__RECORD SET__
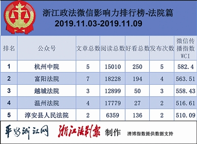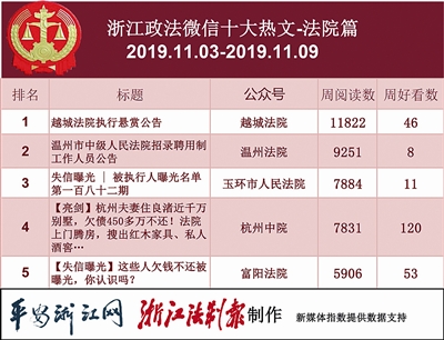 本期法院榜单,前三名依次为“杭州中院”“富阳法院”“越城法院”。热文榜依旧是失信被执行人的主场,其中,“越城法院”的《越城法院执行悬赏公告》摘得热文榜第一,营造诚信社会,需要大家共同参与。
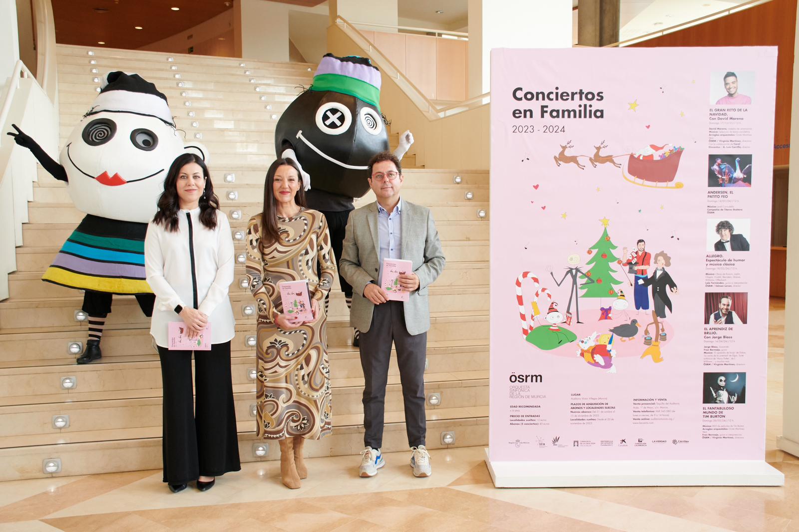 La Consejería de Turismo, Cultura, Juventud y Deportes presentó hoy la nueva temporada de ‘Conciertos en Familia’ de la Orquesta Sinfónica de la Región de Murcia (OSRM) en el Auditorio Víctor Villegas de Murcia, que contará con un espectáculo navideño, la compañía de títeres Etcétera, el ilusionista Jorge Blass o una producción propia sobre el mundo de Tim Burton.
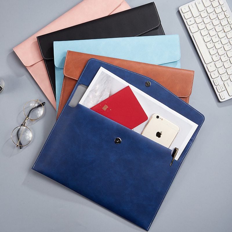 新品 A4皮质文件包资料包防水简约商务办公按扣加厚收纳袋印LOGO
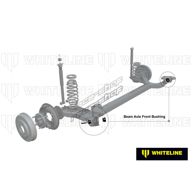 A critical rear end bushing for any front wheel drive vehicle as it absorbs all the cornering and braking energy. Over compliance leads to early wear and tear, especially in performance applications. Reduce rear end cornering squirm and improve braking efficiencies with the Whiteline beam axle kit.
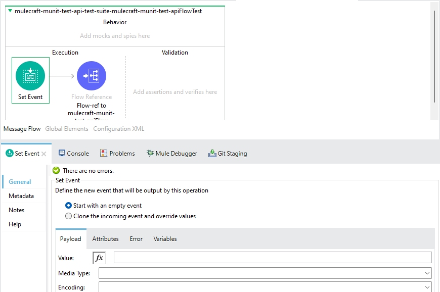 At the beginning of a Munit test, this processor can be used to indicate that the first message is sent to the flow for the purpose of testing. The set-event has the cloneOriginalEvent property. If set true, then it clones the event produced by the code and by default this property is false.
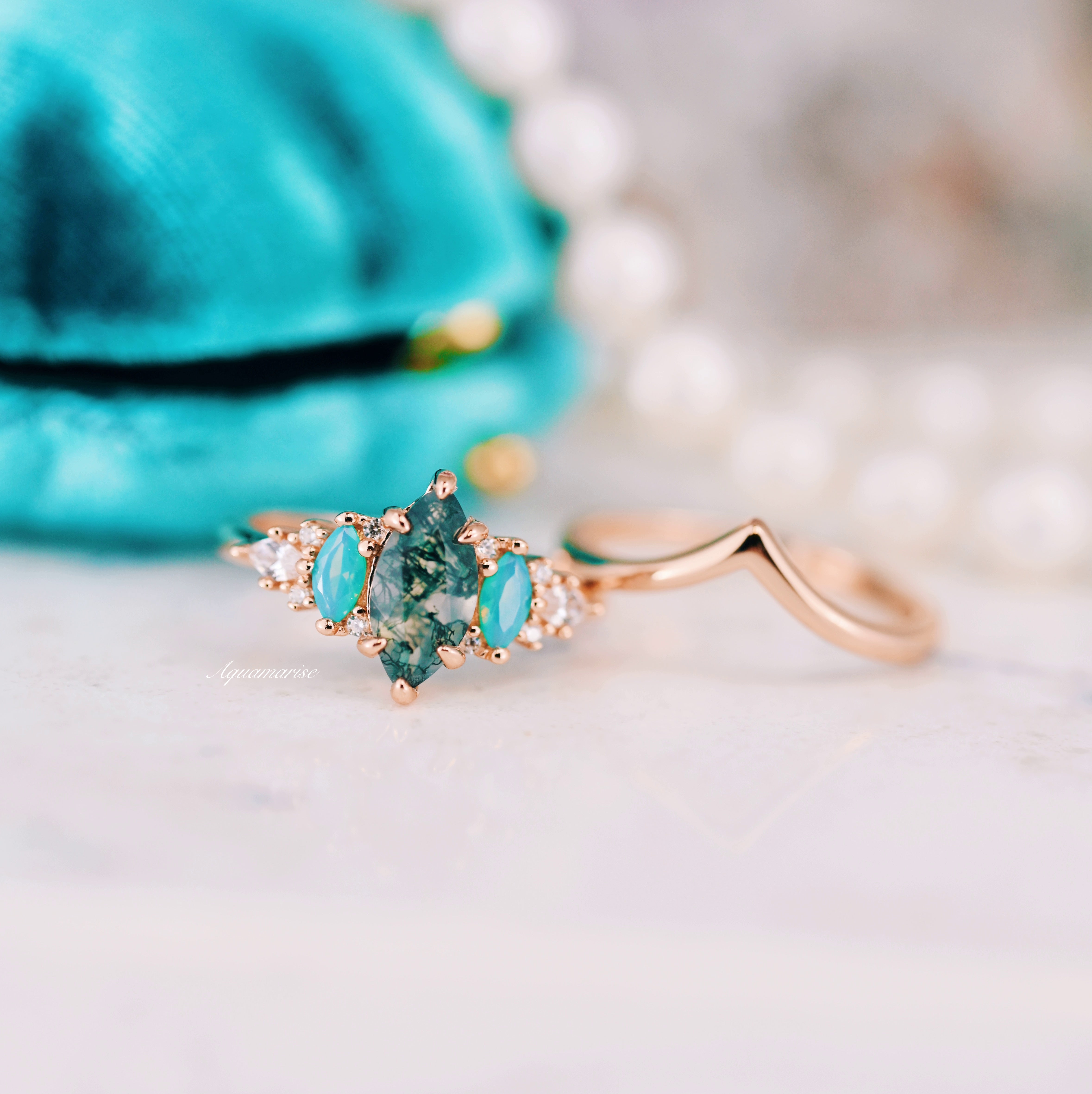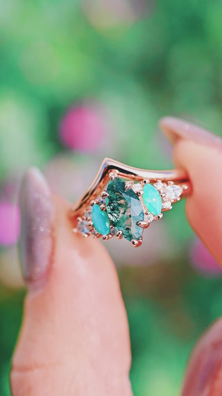 Emerie Marquise Cut Moss Agate & Opalescent Sapphire Ring Set in 14K Rose Gold Vermeil
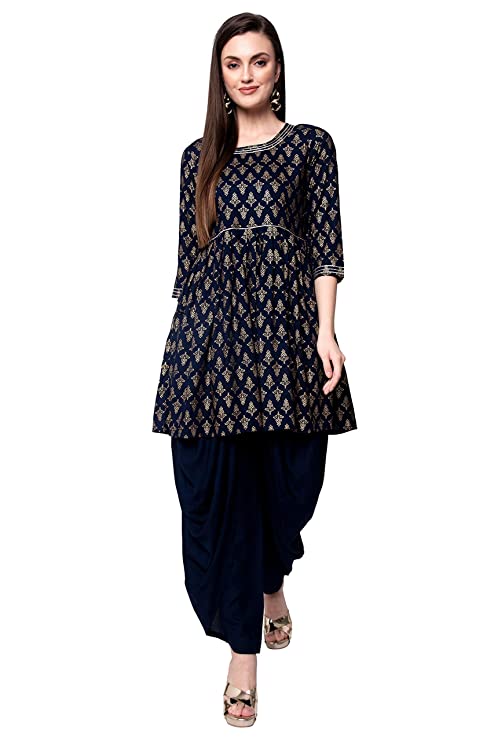 Be the first to review “Women’s Rayon Gold Print Kurta With Dhoti Set-2XL-Blue”
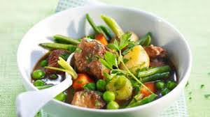 Ajouter céleri + chou-fleur + haricots verts + petits pois + pommes de terre + carottes. Faire revenir 3 à 4 mn puis arroser de bouillon. Porter à ébullition puis couvrir. Baisser à feu doux et laisser mijoter 25 mn.
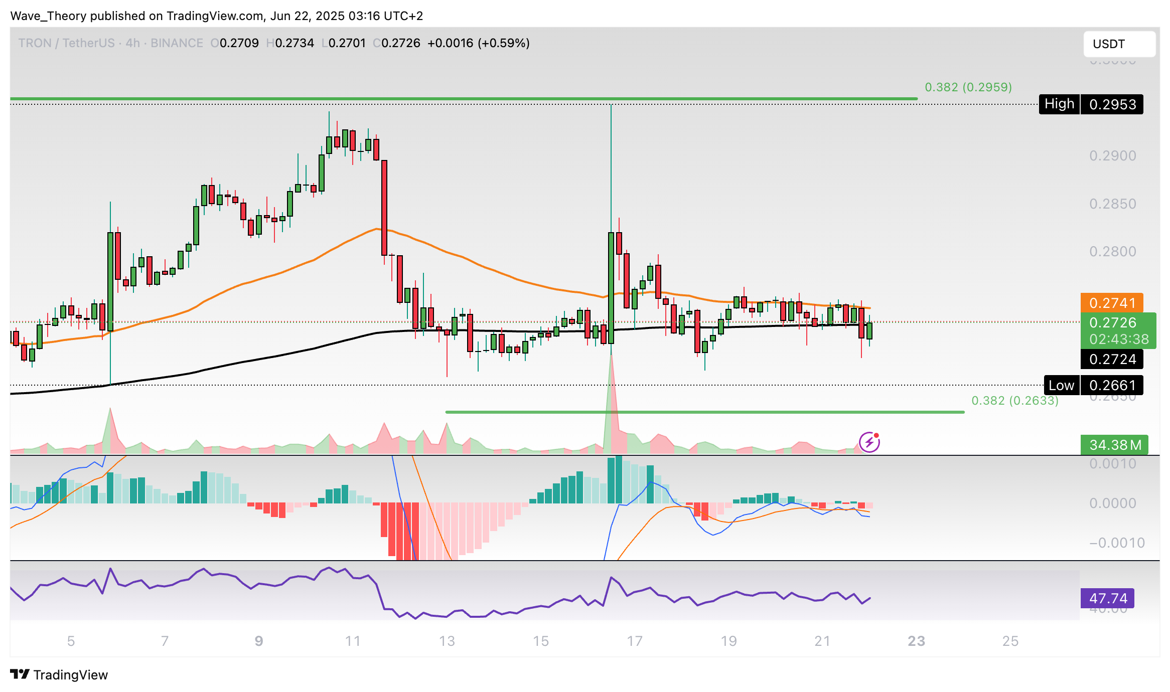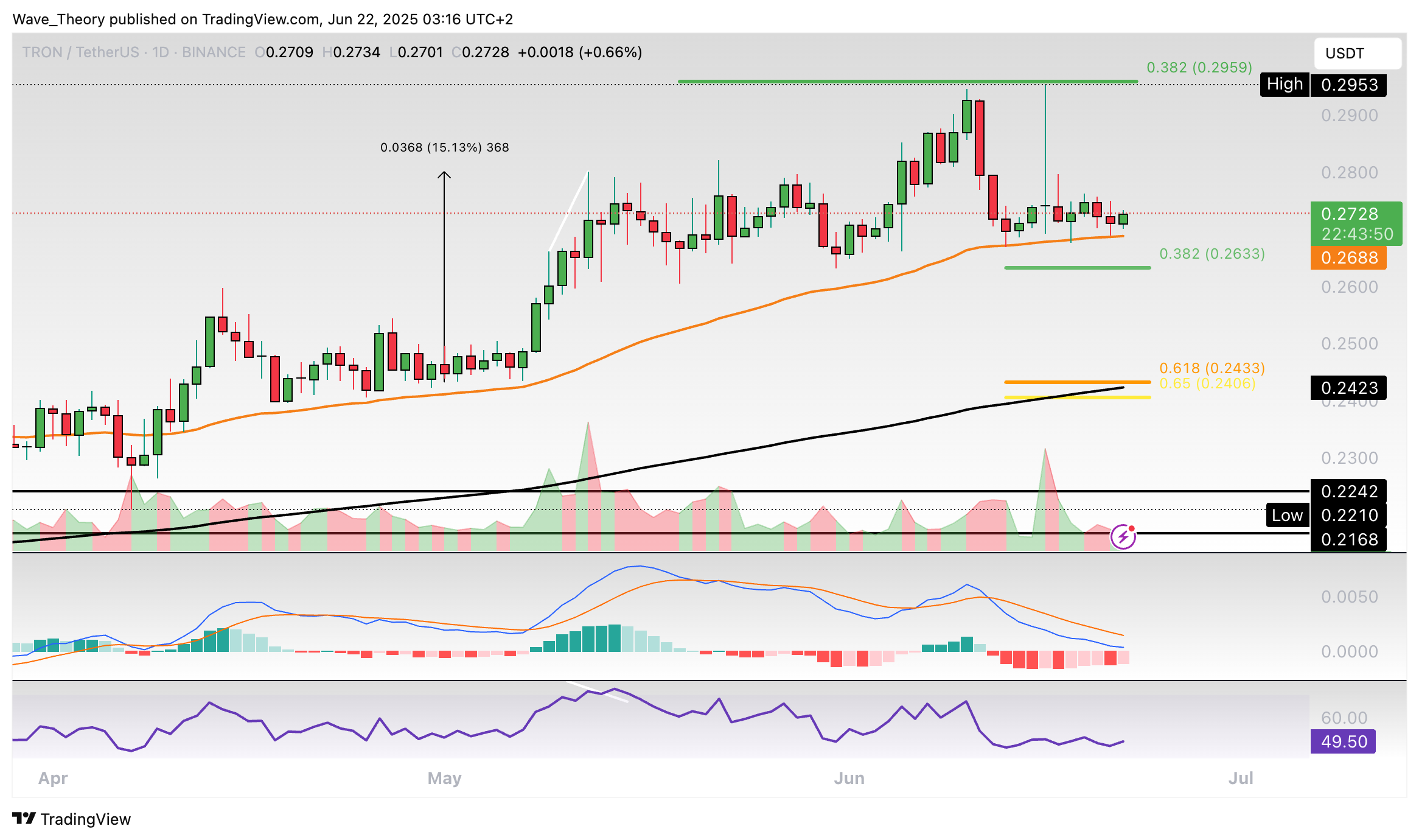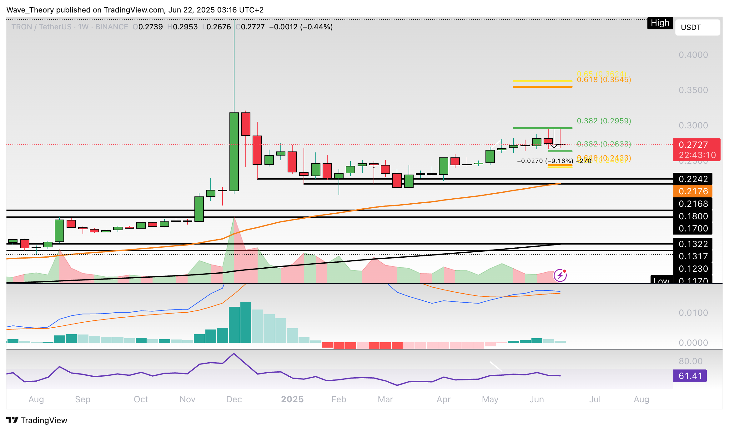 TRON-Prognose für Samstag, 22. Juni 2025: Der TRX Kurs wurde vor wenigen Tagen am 0,382 Fib Widerstand bärisch abgewiesen.
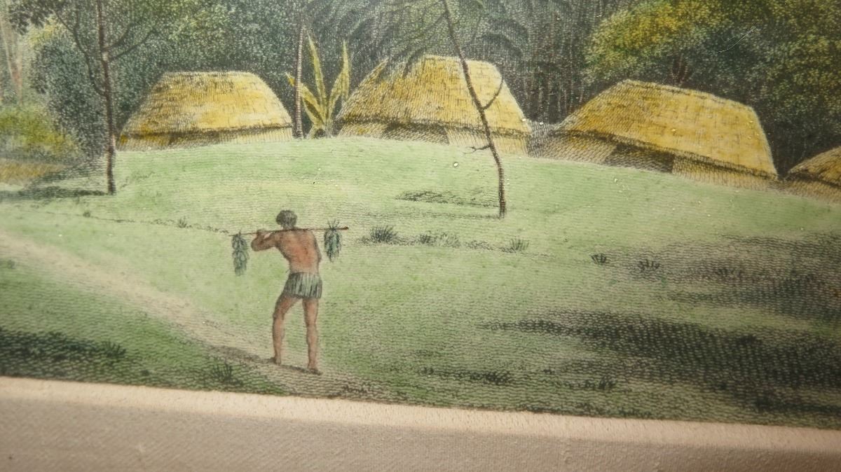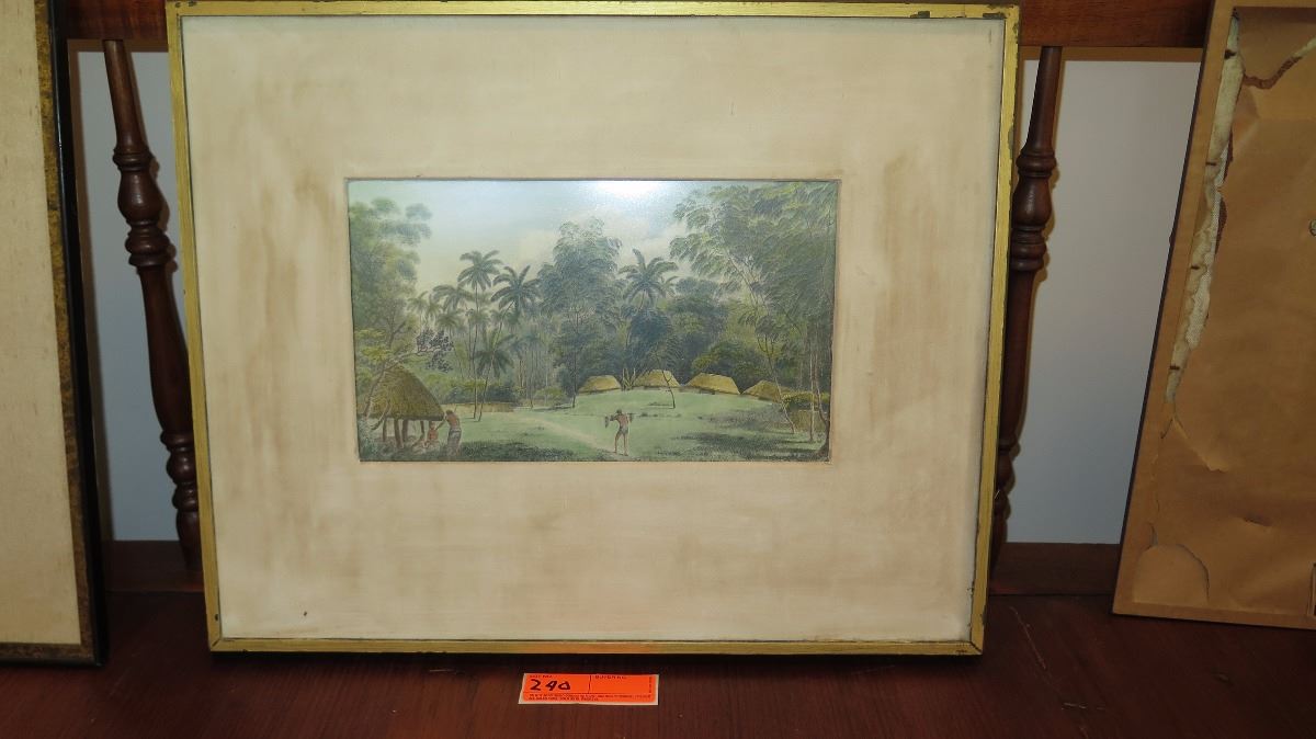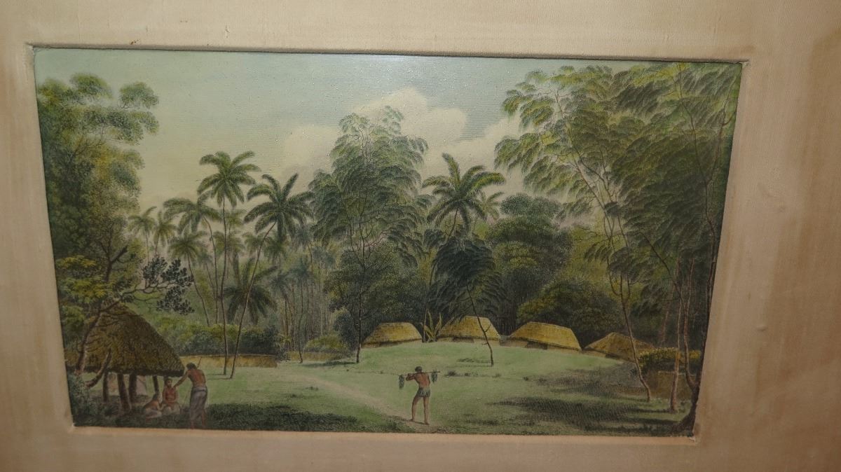 Framed Old Print - Depicting Hawaiian Village Scene 1958 (framed 1958) 21X17

__WORK INSTRUCTIONS__
After locating the line that holds "TRON-Prognose für Samstag, 22.", output exactly the lines from it through the last line of the material above, inclusive, without pictures.

__EXERCISE RESULT__
 TRON-Prognose für Samstag, 22. Juni 2025: Der TRX Kurs wurde vor wenigen Tagen am 0,382 Fib Widerstand bärisch abgewiesen.
 Framed Old Print - Depicting Hawaiian Village Scene 1958 (framed 1958) 21X17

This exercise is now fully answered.